** Opening Extracted data block **
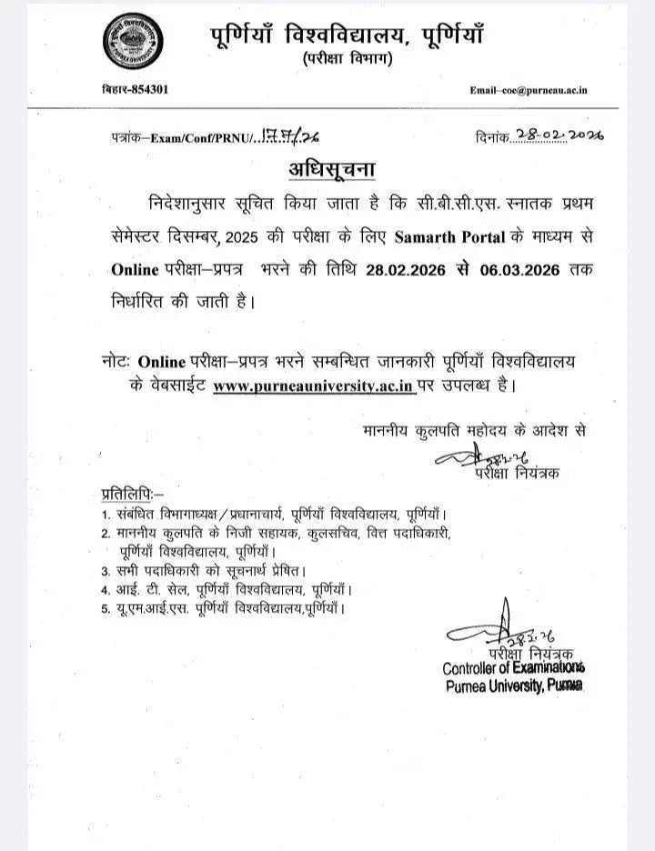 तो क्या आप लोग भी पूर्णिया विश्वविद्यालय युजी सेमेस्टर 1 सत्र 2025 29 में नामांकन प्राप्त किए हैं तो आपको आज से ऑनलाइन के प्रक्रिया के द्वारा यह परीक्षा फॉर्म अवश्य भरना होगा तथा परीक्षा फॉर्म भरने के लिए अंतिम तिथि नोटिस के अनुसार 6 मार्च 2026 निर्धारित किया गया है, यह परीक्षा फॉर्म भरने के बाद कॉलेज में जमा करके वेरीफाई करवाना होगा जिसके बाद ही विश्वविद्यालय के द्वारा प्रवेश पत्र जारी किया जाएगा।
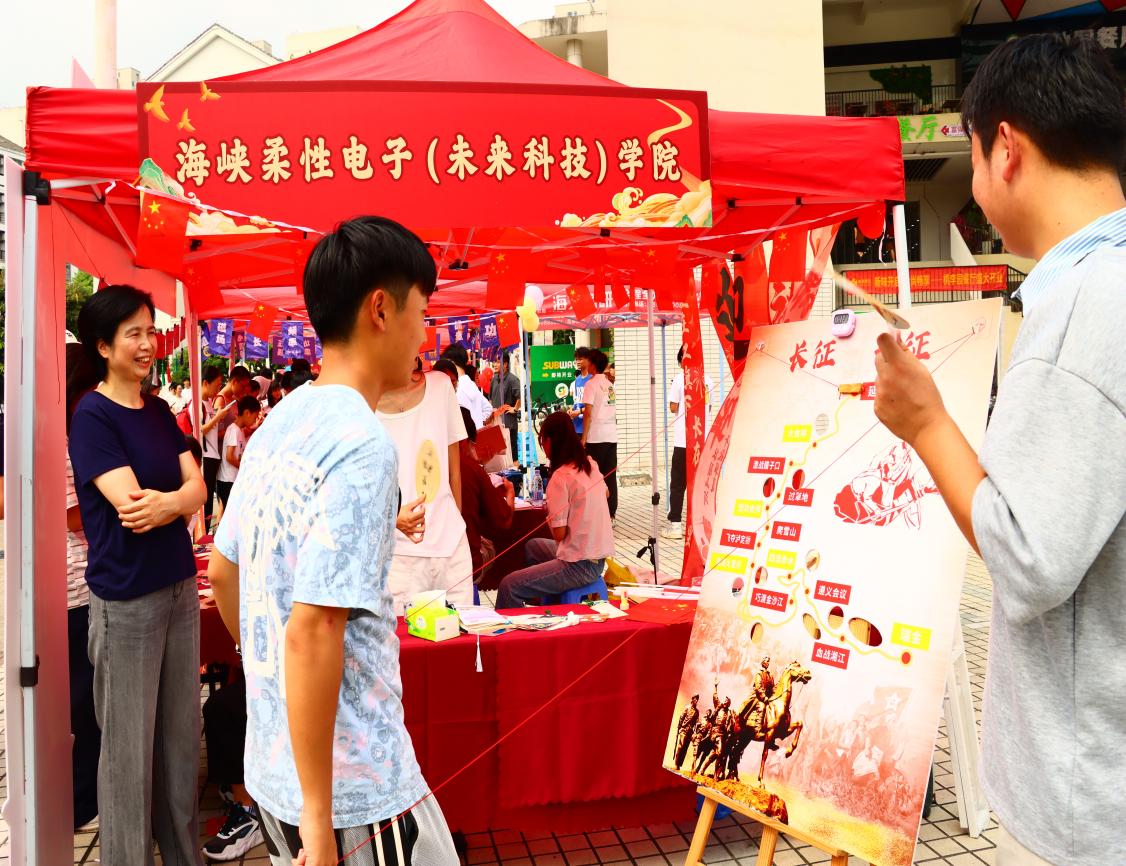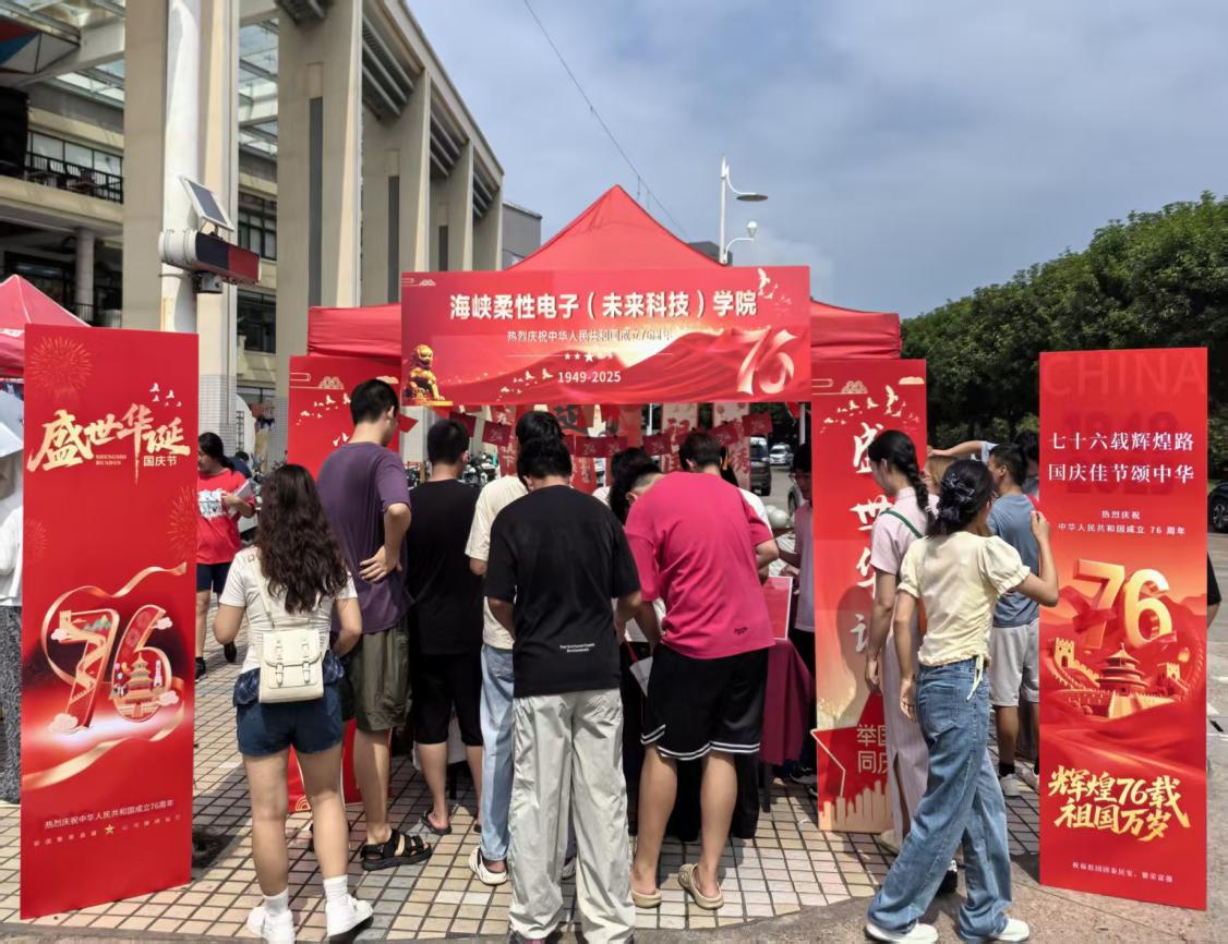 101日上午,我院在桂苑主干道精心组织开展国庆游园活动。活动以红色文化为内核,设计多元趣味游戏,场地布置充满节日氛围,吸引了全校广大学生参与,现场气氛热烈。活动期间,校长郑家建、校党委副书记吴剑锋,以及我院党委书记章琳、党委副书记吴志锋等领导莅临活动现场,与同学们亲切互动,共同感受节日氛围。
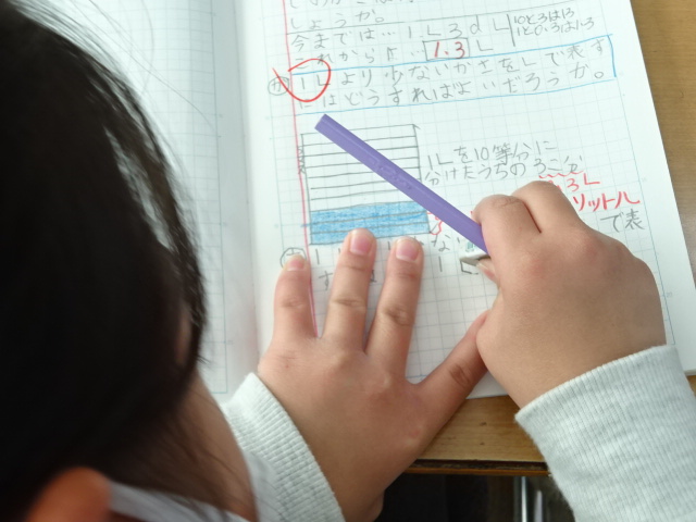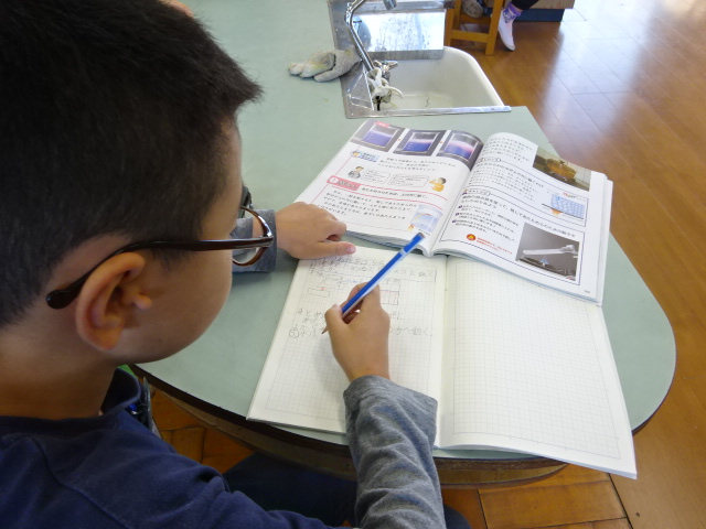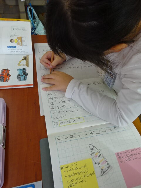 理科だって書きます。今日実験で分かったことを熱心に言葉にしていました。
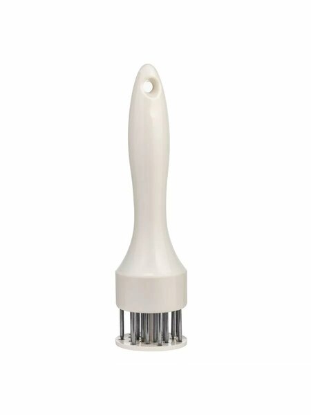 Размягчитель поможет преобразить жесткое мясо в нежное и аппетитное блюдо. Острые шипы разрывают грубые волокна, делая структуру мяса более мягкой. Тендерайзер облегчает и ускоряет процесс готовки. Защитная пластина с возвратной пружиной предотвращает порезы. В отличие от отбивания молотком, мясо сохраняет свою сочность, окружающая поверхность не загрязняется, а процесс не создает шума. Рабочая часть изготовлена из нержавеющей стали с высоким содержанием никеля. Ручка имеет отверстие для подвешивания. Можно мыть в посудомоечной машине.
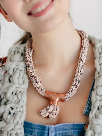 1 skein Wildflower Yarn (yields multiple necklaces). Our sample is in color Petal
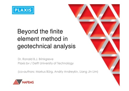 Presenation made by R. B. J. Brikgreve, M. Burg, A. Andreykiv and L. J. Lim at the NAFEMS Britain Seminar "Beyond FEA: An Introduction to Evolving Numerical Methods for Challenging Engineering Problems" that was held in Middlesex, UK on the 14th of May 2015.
** Closing Extracted data block **
◆ What needs to be done
Repeat nothing but the lines from the one containing "101日上午,我院在桂苑主干" through the last line of the listing, both included, exactly as written, and omit any picture.

◆ Result of this exercise
 101日上午,我院在桂苑主干道精心组织开展国庆游园活动。活动以红色文化为内核,设计多元趣味游戏,场地布置充满节日氛围,吸引了全校广大学生参与,现场气氛热烈。活动期间,校长郑家建、校党委副书记吴剑锋,以及我院党委书记章琳、党委副书记吴志锋等领导莅临活动现场,与同学们亲切互动,共同感受节日氛围。
 理科だって書きます。今日実験で分かったことを熱心に言葉にしていました。
 Размягчитель поможет преобразить жесткое мясо в нежное и аппетитное блюдо. Острые шипы разрывают грубые волокна, делая структуру мяса более мягкой. Тендерайзер облегчает и ускоряет процесс готовки. Защитная пластина с возвратной пружиной предотвращает порезы. В отличие от отбивания молотком, мясо сохраняет свою сочность, окружающая поверхность не загрязняется, а процесс не создает шума. Рабочая часть изготовлена из нержавеющей стали с высоким содержанием никеля. Ручка имеет отверстие для подвешивания. Можно мыть в посудомоечной машине.
 1 skein Wildflower Yarn (yields multiple necklaces). Our sample is in color Petal
 Presenation made by R. B. J. Brikgreve, M. Burg, A. Andreykiv and L. J. Lim at the NAFEMS Britain Seminar "Beyond FEA: An Introduction to Evolving Numerical Methods for Challenging Engineering Problems" that was held in Middlesex, UK on the 14th of May 2015.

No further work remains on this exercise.